In Carter's journals, Ned learns the story of how a search for treasure in the Arizona Territory led Carter to a mysterious cave, and an amulet that transported him to a planet the locals call Barsoom, or what we know as Mars. There he found a planet in the midst of centuries-long war - though the end may be near, as the shadowy Matai Shang (Mark Strong) has given a powerful weapon to his puppet, the warlord Sab Than (Dominic West).
There's more to the Martian political machinations, but it's hard to care about any of it. John Carter often feels desperately over-plotted, from Carter's unspoken history of tragedy and heartbreak, to the confounding manipulations of Matai Shang and his fellow Therns, to the connection between the chief of the green Thark race (voiced by Willem Dafoe) and a perpetually punished young female (Samantha Morton). It's a lot for young leads Kitsch and Lynn Collins (as beautiful princess Dejah) to carry, as fetching as they may look in various revealing costumes.

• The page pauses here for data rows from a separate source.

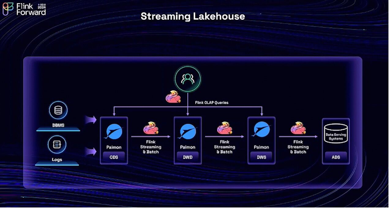 Thank you, Lincoln, and thank you, Yuan, for the sharing. Next, let's talk about the streaming lakehouse. The streaming lakehouse is a new architecture, as previously introduced in Lincoln and Feng's presentation. It's a new data analytics architecture that we built with Flink and Paimon. This architecture is completely stream-batch unified, and all the data in the streaming lakehouse is real-time and queryable. However, in order for this new architecture to land well in production, it requires deep integration between the two projects, Flink and Paimon. So we have been doing a lot in that direction.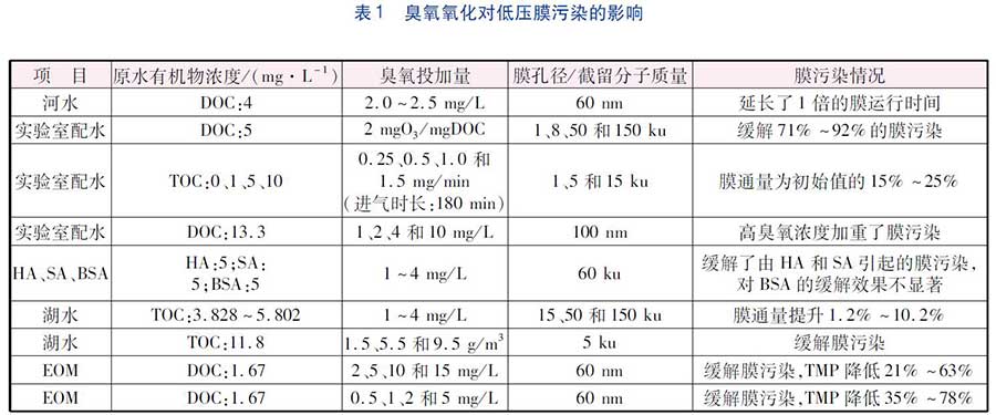 單獨臭氧氧化技術(shù)在緩解低壓膜污染方面受到了廣泛關(guān)注,但關(guān)于其對膜污染的緩解效果研究結(jié)論尚未統(tǒng)一。綜合目前的研究發(fā)現(xiàn),單獨臭氧氧化對膜污染的緩解效果主要與原水水質(zhì)、水力條件、膜孔徑/截留分子質(zhì)量、臭氧投加量和投加方式等因素有關(guān)。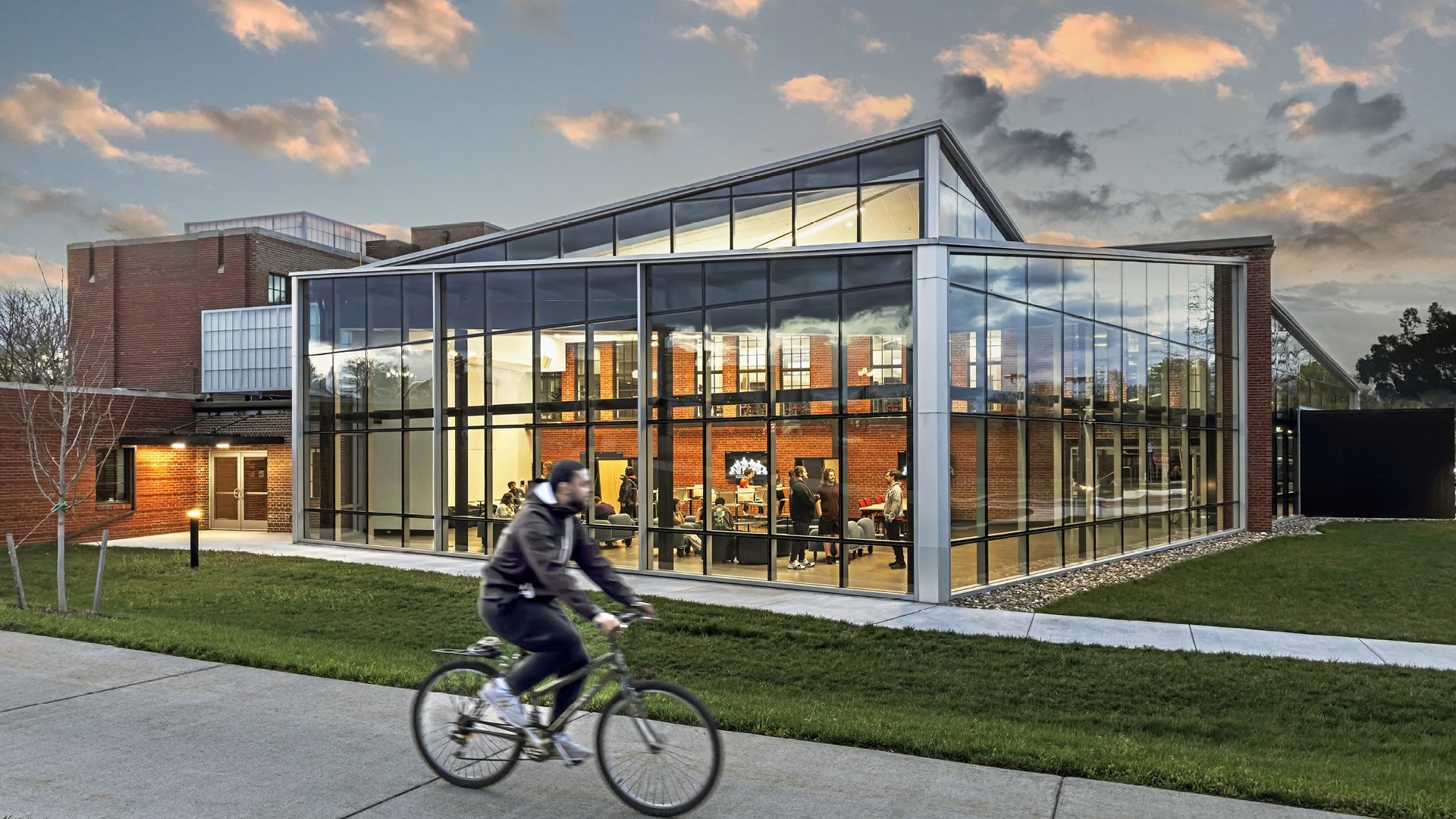 A striking new addition, named the “Collaboratory”, hosts the Shenandoah Center for Immersive Learning (SCiL) and serves as a 170-person event space. The dynamic glass form, through its shifting roof planes, reflects the region's topography of the Appalachian Mountains and the beautiful Shenandoah Valley and contrasts the original masonry structure.

Yet every time John Carter starts to buckle under the strain of limited actors or distracting exposition, it finds somewhere fun to go. A terrific early sequence sees Carter captured by a group of U.S. soldiers, and a simple monologue by their leader (Bryan Cranston) is repeatedly interrupted by Carter's escape attempts. Once on Mars, Carter finds himself pinwheeling madly through his attempts at walking as he tries to adjust to the effect of lower gravity. Carter finds an improbable - and extremely loyal - ally in the lightning-fast, six-legged, endearingly dog-like Woola. And a climactic arena battle between Carter and a gigantic "white ape" reaches a wonderfully over-the-top conclusion.
That arena battle bears more than a faint resemblance to the one in Star Wars: Episode II - Attack of the Clones, and other bits and pieces throughout the adventure feel similarly familiar. It's easy to imagine some viewers offering a "been there, seen that" shrug, or finding Kitsch too lightweight a hero.
The trick, then, is the energy and charm a filmmaker brings to a story. While the conclusion sets up the prospect of sequels, I'm not sure I need to see another John Carter movie - but I had a surprisingly good time with this one.